All defined here: https://github.com/google/mediapipe/blob/master/mediapipe/framework/deps/status_macros.h
Just had to look for “#define MP_RETURN_IF_ERROR” inside the github

C++ in VSCode

A couple words about C++ in VSCode – previously when doing stuff with C++ it was only small projects and I didn’t have many issues, but now this one had a pretty large Mediapipe and ImGui dependencies.

IntelliSense is the VSCode plugin for C++ IDE features, and mostly it works well, but for me it failed on deeply-positioned files. I complained about it on Twitter, and one of the maintainers actually replied and was nice!

Here’s the thread: https://twitter.com/Xallt_/status/1714777777046503442
Didn’t report the issue to Github yet, but I probably will

And another note – C++ is generally a harder language to grasp than Python, but the IDE features (at least in VSCode) are a lot nicer, and I was reminded of how nice it is to have actual static types, and catch small issues in the code before you even try to run it.

ChatGPT is a great help

ChatGPT isn’t all that powerful – many times when asking it questions about the code, about my linking issues, or Bazel features, it didn’t respond with anything that was helpful.
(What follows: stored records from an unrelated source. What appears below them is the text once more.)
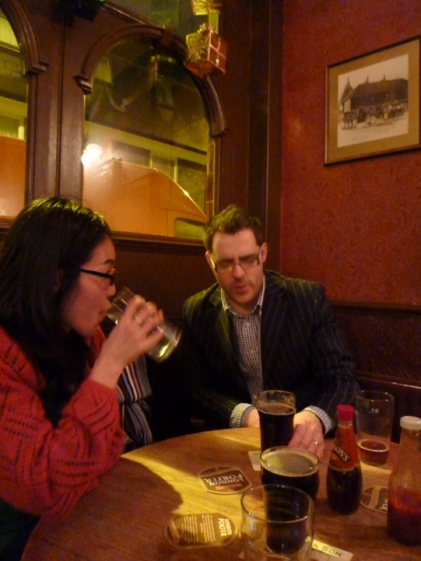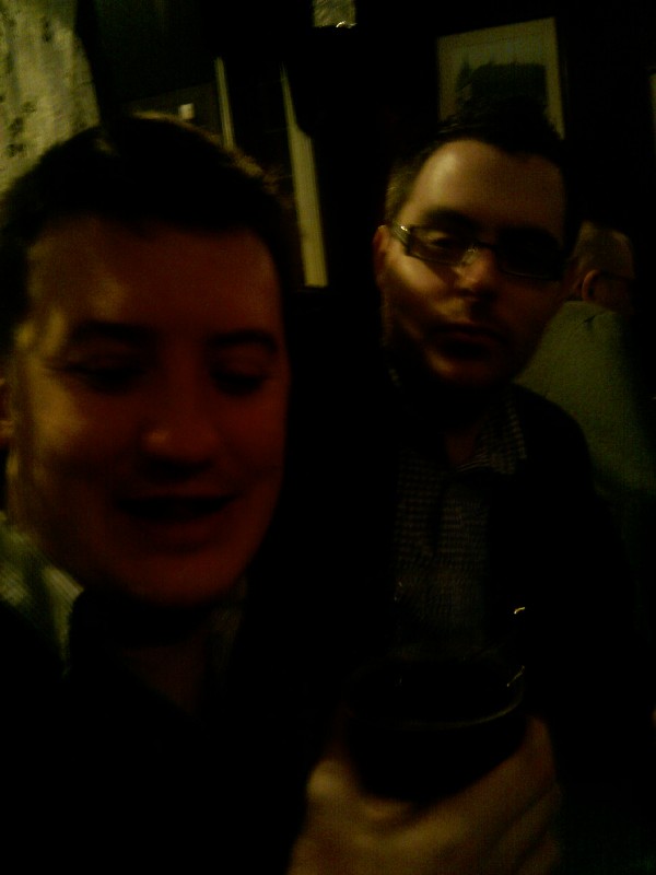 | 17:20:45 Same again. Probably should have used the flash. | 17:22:15 ...ah here's one of me, with the flash on. | 19:38:39 Later on at the Royal Oak, by which point we'd also met up with Chie - a few naff mobile pictures first... |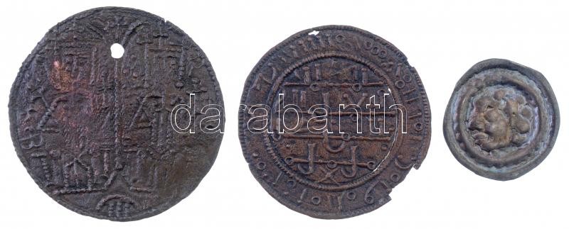 1172-1196. Rézpénz Cu "III. Béla" (2xklf) (1,55g, 1,09g) + 1180-1240. Bracteata Ag "III. Béla - IV. Béla" (0,27g) T:2,2- ly., ki., patina / Hungary 1172-1196. Copper Coin Cu "Béla III" (2xdiff) (1,55g, 1,09g) + 1180-1240. Bracteata Ag "Bela III - Bela IV." (0,27g) C:AU,XF patina Huszár: 72., 73., 192., Unger I.: 114., 115., 122.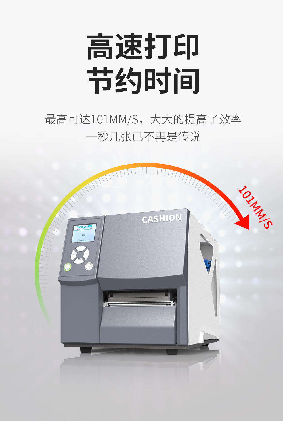 - 自动感测节省使用耗材的CASHION C-204条码打印机
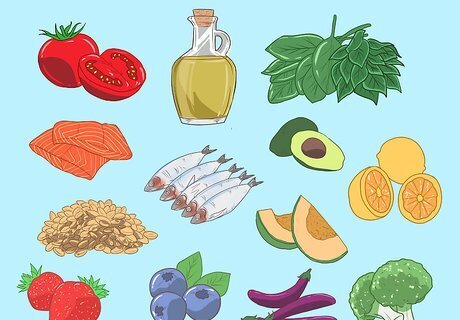 Eat an anti-inflammatory diet to manage your arthritis. Research shows that cutting back on processed foods which cause inflammation, white pasta, rice, and bread, for instance, and eating a Mediterranean-style anti-inflammatory diet can relieve arthritis. To get the health benefits of this diet, start eating:Inflammatory Foods to Limit:Sugar and aspartameSaltSaturated fat: cheese, red meat, full-fat dairyTrans fats: processed foodsSimple carbohydrates: white bread, white rice, cereal, pastaAlcohol Fatty fish: salmon, tuna, sardines Colorful vegetables: spinach, kale, broccoli, onions, eggplant, tomatoes, peppers Bright fruits: blueberries, cherries, blackberries, strawberries Nuts and seeds: walnuts, pine nuts, pistachios, almonds Beans and legumes: pinto, kidney, garbanzo Olive oil Whole grains: oats, brown rice, quinoa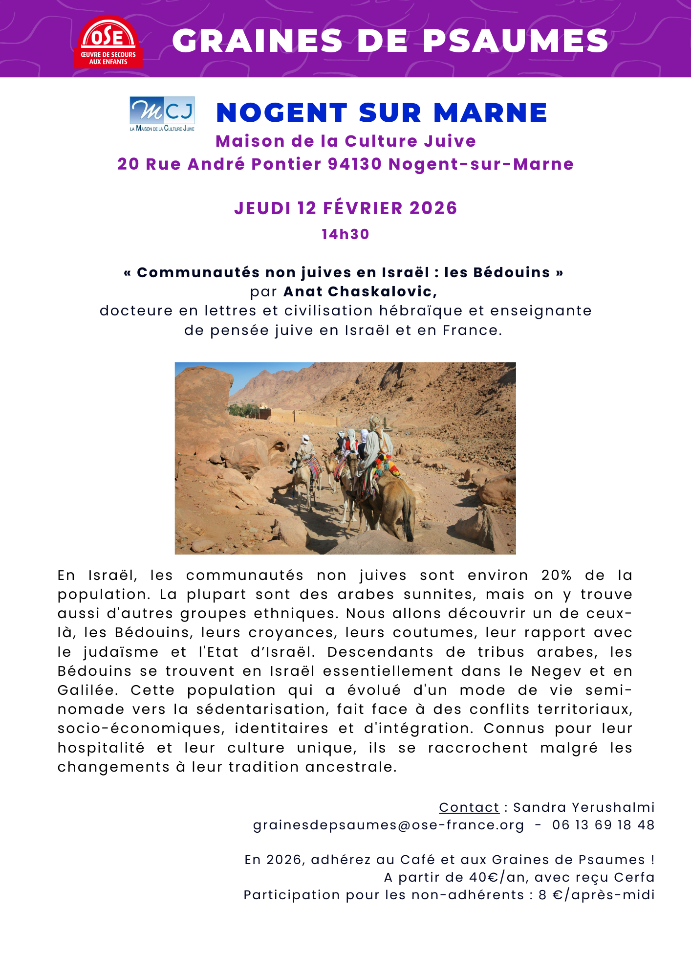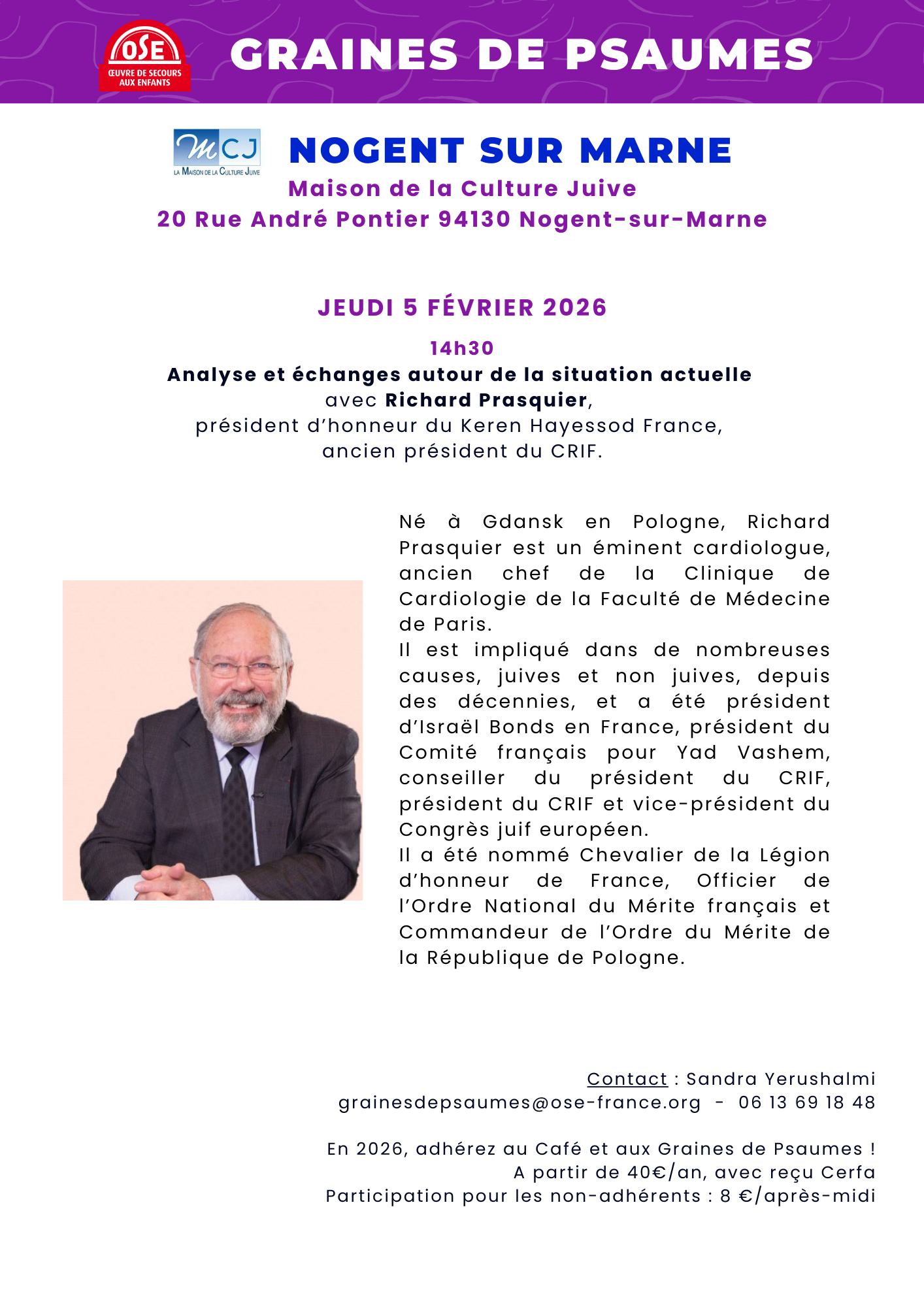 Maison de la Culture Juive – 20 rue André Pontier, 94130 Nogent-sur-Marne Janvier – Février 2026 Jeudi 8 janvier Jeudi 15 janvier Jeudi 22 janvier Jeudi 29 janvier 15h Concert du Duo Kerida –...

However, when I asked it to explain to me about particular concepts either about CMake, or about how the compilation&linking works… it was ok. But then I asked dumb questions one after the other, until we both converged to the exact piece of understanding that I was missing.

And lately that’s what I find most useful about it – it suddenly became a lot easier to grasp concepts that you find VERY hard. You just ask dumb questions one after another until you either rubber-duck yourself into understanding where you were wrong, or until it points that out itself.

Some great CLI tools

I either learned, or was reminded of some great CLI tools:

  • Already mentioned ldd and nm -C here – they really were a great help during debugging
  • Highly recommend installing locate – it literally just finds a file in your whole system. locate libopencv will give you the positions of all your installed OpenCV libraries. Also sudo updatedb if you added/removed files, and you want to update the locate index.
  • tldr is probably the best CLI thing you’ll learn ever – it’s a superior version of man. Useful always. More about it here: https://github.com/tldr-pages/tldr
  • grep -Ril "cv::VideoCapture" . looks for lines containing this string in all files in your directory (and subdirectories)
This post is licensed under CC BY 4.0 by the author.